The raster package provides a variety of specialized classes and functions for importing, processing, analyzing, and visualizing raster datasets. There are several other packages that can handle raster data. For example, the sp package supports the SpatialGridDataFrame class for gridded datasets and spatstat supports the im class for pixel image objects. However, raster is by far the most flexible and powerful package available in R for handling gridded data. IN this chapter we will introduce the raster package along with the rasterVis package, which contains additional functions to support graphing and mapping of raster data.

library(sf)           # Classes a methods for spatial data - simple features
library(raster)         # Classes and methods for raster data
library(rgdal)          # functions for spatial data input/output
library(RColorBrewer) # Creates nice color schemes
library(rasterVis)    # Advanced plotting functions for raster objects
library(ggplot2)      # Functions for graphing and mapping

6.1 Importing Raster Data

A raster object can be created by calling the raster() function and specifying an external image file as an argument. In this example, a dataset of land surface temperature (LST) measured by the MODIS sensor on board the Terra satellite is imported into R as a raster object. Invoking the print() function for a raster object provides information about the dimensions of the raster grid, cell size, geographic location, and other details. The summary() function provides information about the statistical distribution of raster values.

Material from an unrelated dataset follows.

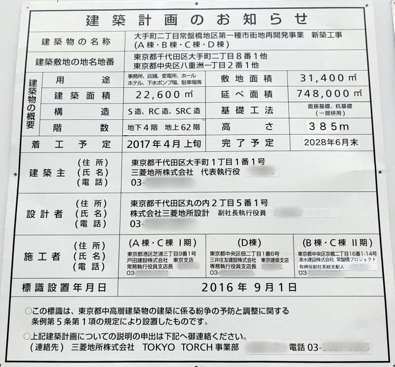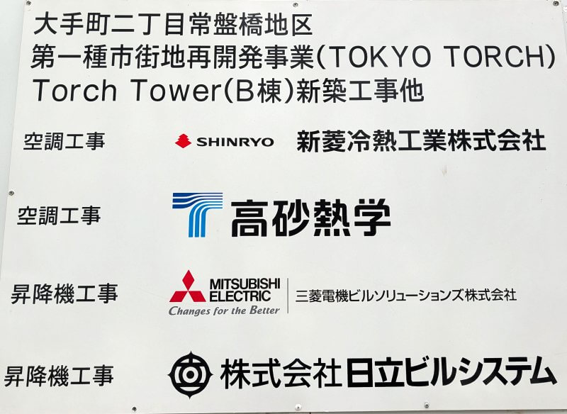 現地に掲示されていた、工事関連の案内です。空調工事は、新菱冷熱工業・高砂熱学が携わっています。昇降機工事は、三菱電機ビルソリューションズ・日立ビルシステムが携わっています。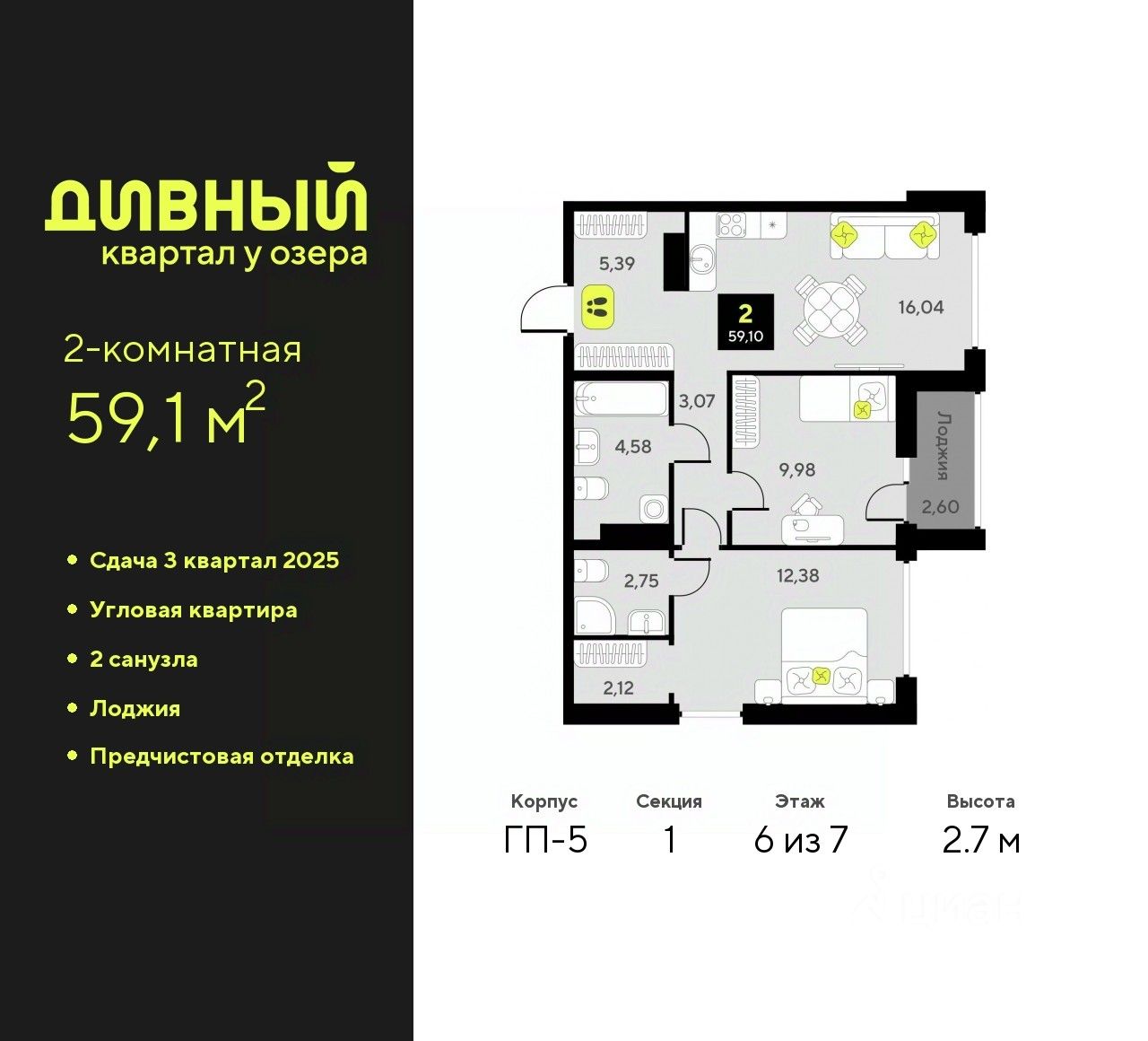 Продается 2-комн. квартира с предчистовой отделкой в ЖК "Дивный квартал у озера" на 6 этаже. Общая площадь: 59.1 кв.м., жилая: 22.36 кв.м., площадь просторной кухни-столовой: 16.04 кв.м. Квартира угловая, очень светлая, естественная вентиляция при открытии окон. В квартире одна лоджия, два совмещенных санузла. Высота потолков 2.7 м.

lst <- raster("MOD11A2_2017-07-12.LST_Day_1km.tif")
class(lst)
## [1] "RasterLayer"
## attr(,"package")
## [1] "raster"
lst
## class      : RasterLayer 
## dimensions : 1110, 3902, 4331220  (nrow, ncol, ncell)
## resolution : 0.009009009, 0.009009009  (x, y)
## extent     : -104.4326, -69.27943, 30, 40  (xmin, xmax, ymin, ymax)
## crs        : +proj=longlat +datum=WGS84 +no_defs 
## source     : E:/work/projects/gdswr-book/MOD11A2_2017-07-12.LST_Day_1km.tif 
## names      : MOD11A2_2017.07.12.LST_Day_1km 
## values     : 0, 65535  (min, max)
summary(lst)
##         MOD11A2_2017.07.12.LST_Day_1km
## Min.                                 0
## 1st Qu.                              0
## Median                           14981
## 3rd Qu.                          15148
## Max.                             16050
## NA's                                 0

There are a number of helper functions, shown below, that can be used to extract specific characteristics of the raster object.

# Number of raster calls
ncell(lst)
## [1] 4331220
# Number of rows in the raster grid
nrow(lst)
## [1] 1110
# Number of columns in the raster grid
ncol(lst)
## [1] 3902
# Number of layers in the raster object
nlayers(lst)
## [1] 1
# Coordinate reference system of the raster object
crs(lst)
## CRS arguments: +proj=longlat +datum=WGS84 +no_defs
# Extend of the raster object
extent(lst)
## class      : Extent 
## xmin       : -104.4326 
## xmax       : -69.27943 
## ymin       : 30 
## ymax       : 40
# Spatial resolution of the raster object
res(lst)
## [1] 0.009009009 0.009009009

The raster package includes functions and methods for visualizing the distribution of data stored in the raster. These are handy shortcuts if you want to take a quick look at the distribution fo data values stored in the raster object.

hist(lst)

density(lst)

Raster objects can be modified via subscripting and can be provided as input to mathematical expressions. The code below replaces the zero values in the LST raster with NA values, applies a scaling factor to the data to convert digital numbers to degrees Kelvin, and converts the temperature units from Kelvin to Celsius.

lst[lst == 0] <- NA
lst_c <- lst * 0.02 - 273.16
hist(lst_c)

density(lst_c)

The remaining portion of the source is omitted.